In this section, we will present to you some basics manipulations that we can do with RDD - Resilient Distributed Dataset, the basic abstraction in Spark. 

In resume, "it represents an immutable, partitioned collection of elements that can be operated on in parallel. This class contains the basic operations available on all RDDs, such as map, filter, and persist. In addition, PairRDDFunctions contains operations available only on RDDs of key-value pairs, such as groupByKey and join; DoubleRDDFunctions contains operations available only on RDDs of Doubles; and SequenceFileRDDFunctions contains operations available on RDDs that can be saved as SequenceFiles. All operations are automatically available on any RDD of the right type (e.g. RDD[(Int, Int)] through implicit.

Internally, each RDD is characterized by five main properties:

- A list of partitions 
- A function for computing each split 
- A list of dependencies on other RDDs 
- Optionally, a Partitioner for key-value RDDs (e.g. to say that the RDD is hash-partitioned) 
- Optionally, a list of preferred locations to compute each split on (e.g. block locations for an HDFS file)

All of the scheduling and execution in Spark is done based on these methods, allowing each RDD to implement its own way of computing itself.
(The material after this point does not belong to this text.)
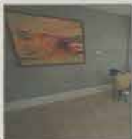
Étonnant paysage abstrait de Zao Wou Ki.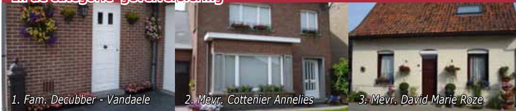
1. Fam. Decubber - Vandaele

Indeed, users can implement custom RDDs (e.g. for reading data from a new storage system) by overriding these functions. Please refer to the Spark paper for more details on RDD internals."
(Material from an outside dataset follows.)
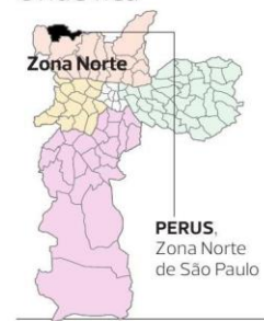
PERUS, Zona Norte de São Paulo

(Source : https://spark.apache.org/docs/latest/api/java/org/apache/spark/rdd/RDD.html).

When we talk about RDD, we have actions and transformations. Transformations in RDD means we just convert the type of RDD1 to RDD2 without executing or trying to find out what will be the results, otherwise transformations in RDD won't take much time (ex : map, flatMap, etc.). Actions in RDD means we compute really the results (ex : count, collect, take, etc.).

To illustrate some basics actions and transformations in RDD, let's take a Word Counts example!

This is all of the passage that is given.